• **WHAT YOU HAVE TO DO**
Below are entries; output exactly the lines from the one with "For the book" to the one with "in oro bianco, sommità", both included, and nothing else.

==== INFORMATION SHOWN ====

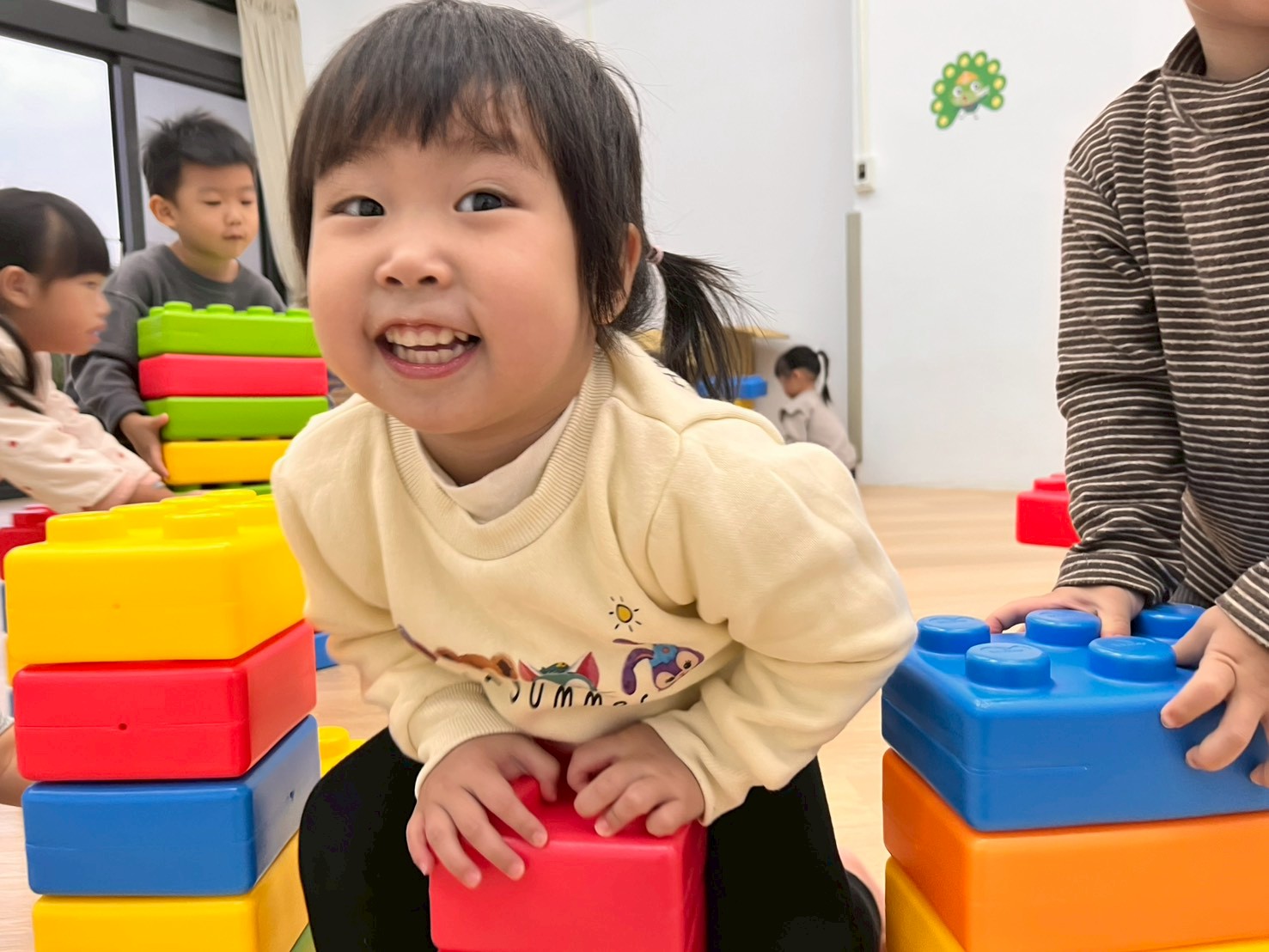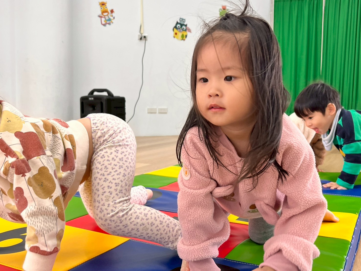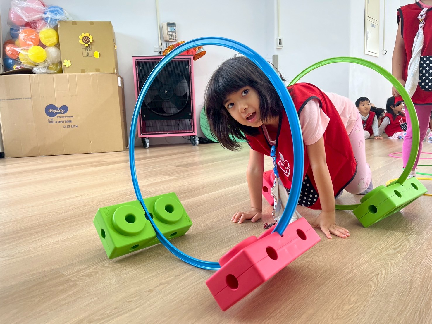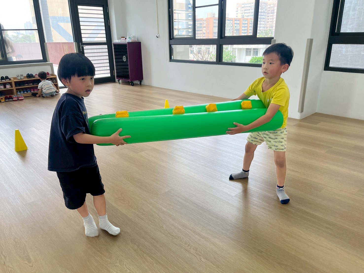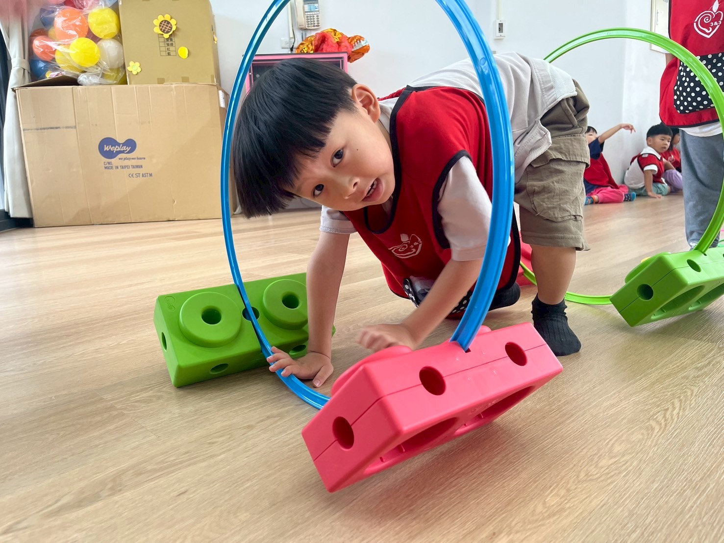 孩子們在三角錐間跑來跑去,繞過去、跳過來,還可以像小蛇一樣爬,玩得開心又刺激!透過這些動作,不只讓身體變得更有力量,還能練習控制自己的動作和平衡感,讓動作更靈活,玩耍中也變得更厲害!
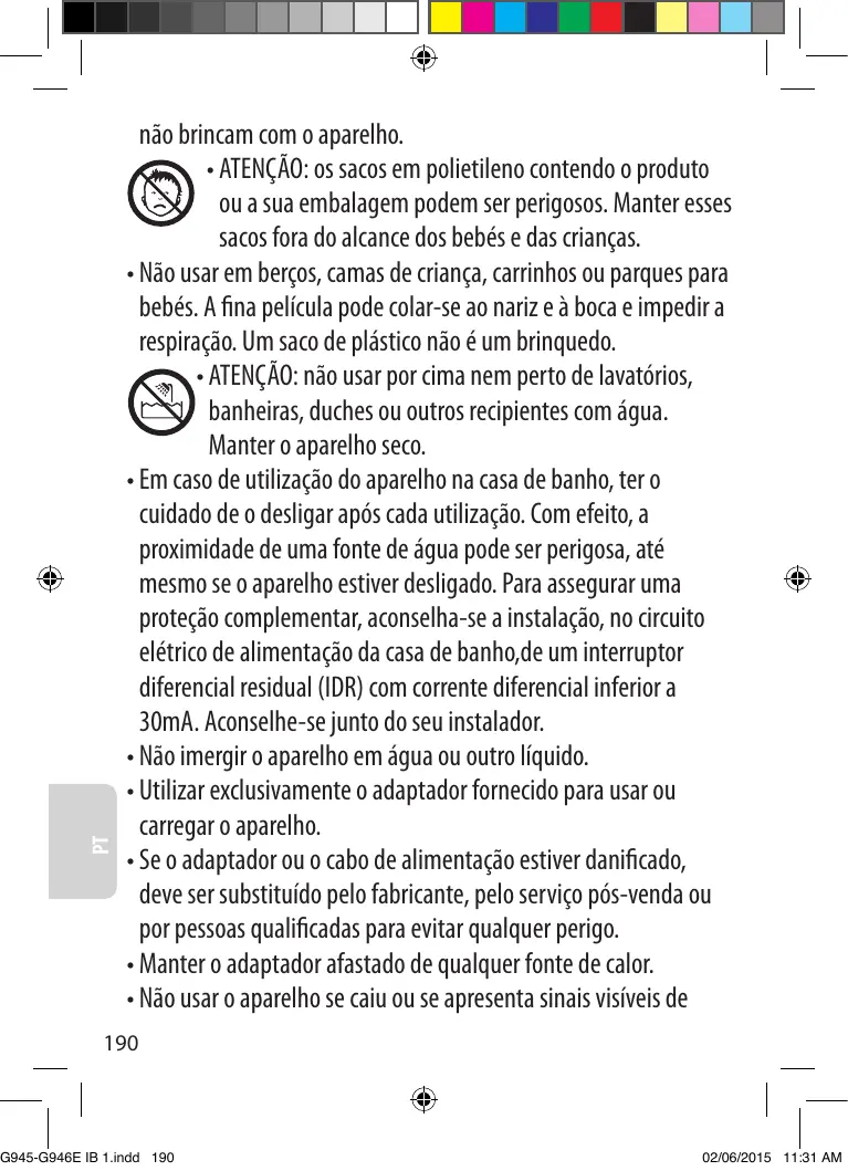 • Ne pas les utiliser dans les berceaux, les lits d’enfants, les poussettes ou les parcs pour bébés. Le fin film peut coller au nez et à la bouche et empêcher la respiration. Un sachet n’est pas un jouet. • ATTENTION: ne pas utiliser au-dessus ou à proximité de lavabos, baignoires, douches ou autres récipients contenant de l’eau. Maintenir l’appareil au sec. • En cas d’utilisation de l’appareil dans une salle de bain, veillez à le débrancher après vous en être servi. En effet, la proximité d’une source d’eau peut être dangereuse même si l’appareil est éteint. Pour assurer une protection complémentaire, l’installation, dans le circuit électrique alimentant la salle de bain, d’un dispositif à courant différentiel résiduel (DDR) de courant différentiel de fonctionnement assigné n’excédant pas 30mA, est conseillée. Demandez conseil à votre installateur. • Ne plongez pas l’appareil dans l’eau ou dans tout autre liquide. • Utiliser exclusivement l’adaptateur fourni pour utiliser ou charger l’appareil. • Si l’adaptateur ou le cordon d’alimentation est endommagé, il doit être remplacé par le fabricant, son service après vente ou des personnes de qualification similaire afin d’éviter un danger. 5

====
==== INFORMATION SHOWN ====

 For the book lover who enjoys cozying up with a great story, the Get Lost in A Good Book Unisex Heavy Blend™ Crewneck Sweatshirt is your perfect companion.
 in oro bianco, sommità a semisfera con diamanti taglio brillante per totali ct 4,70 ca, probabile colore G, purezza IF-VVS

====

• **OUTPUT OF THE EXERCISE**
 For the book lover who enjoys cozying up with a great story, the Get Lost in A Good Book Unisex Heavy Blend™ Crewneck Sweatshirt is your perfect companion.
 in oro bianco, sommità a semisfera con diamanti taglio brillante per totali ct 4,70 ca, probabile colore G, purezza IF-VVS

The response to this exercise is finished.